GOAL OF THE EXERCISE: From the first line of the listing to the last, set down everything exactly, but skip the images.

DATA SECTION:
════════
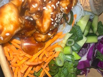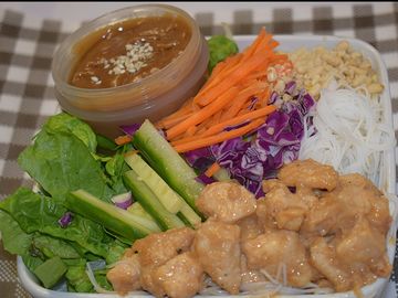 Sesame peanut chicken, vermicelli noodles, carrots, cucumber, shallots, crushed peanuts With a homemade peanut sauce.
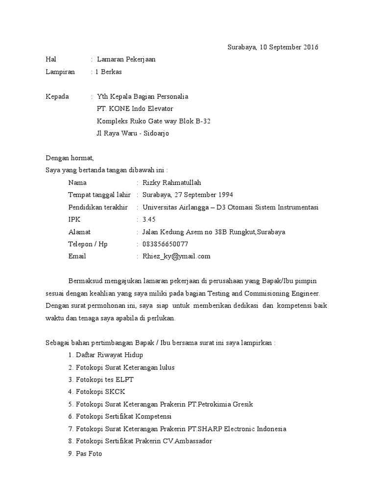 Surat Lamaran Kerja & CV Pt Kone Realmen
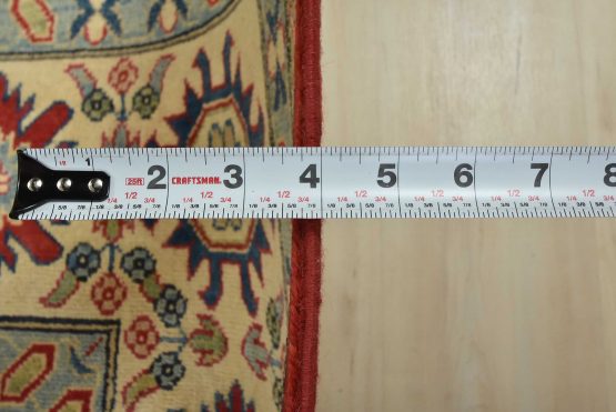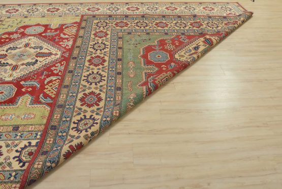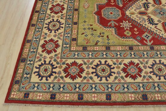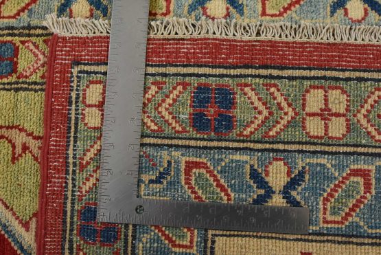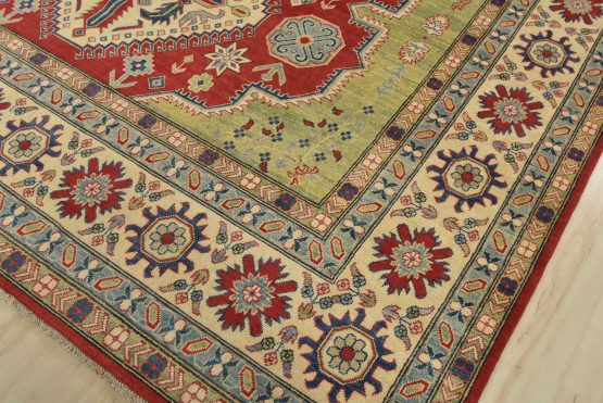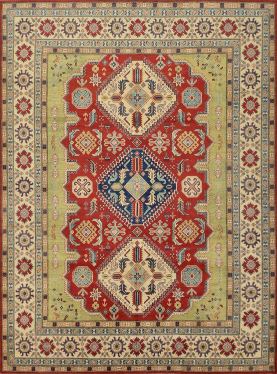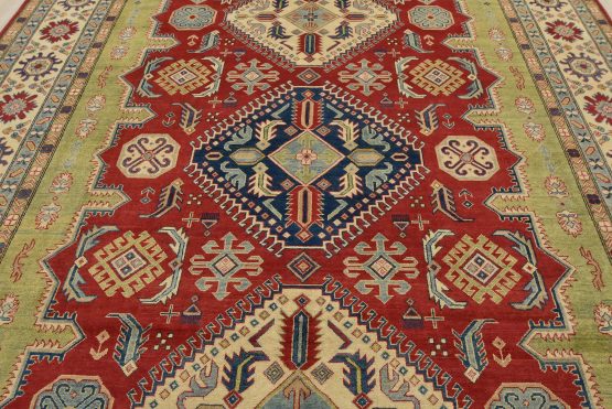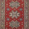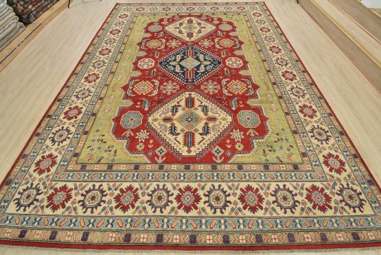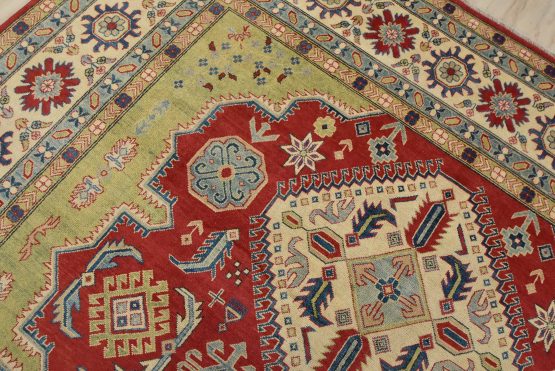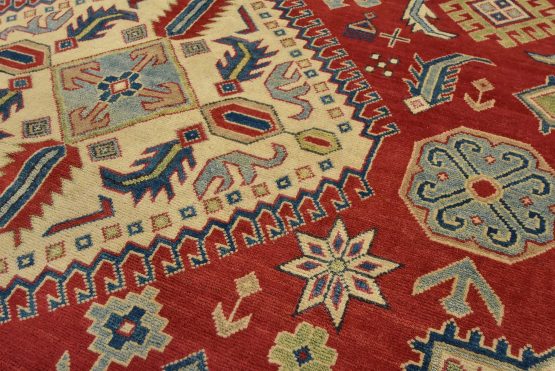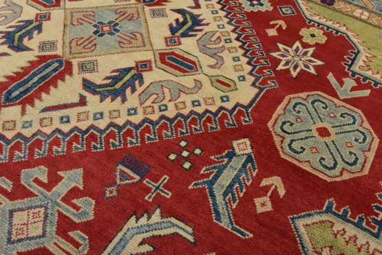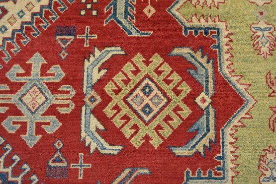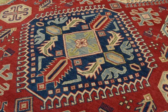A tribal Caucasian Kazak rug hand-knotted with an all-wool pile on a cotton foundation. This oriental rug features geometric medallions surrounded by geometric motifs set against a red background. It is new and in excellent condition.
════════
ANSWER BOX:
 Sesame peanut chicken, vermicelli noodles, carrots, cucumber, shallots, crushed peanuts With a homemade peanut sauce.
 Surat Lamaran Kerja & CV Pt Kone Realmen
A tribal Caucasian Kazak rug hand-knotted with an all-wool pile on a cotton foundation. This oriental rug features geometric medallions surrounded by geometric motifs set against a red background. It is new and in excellent condition.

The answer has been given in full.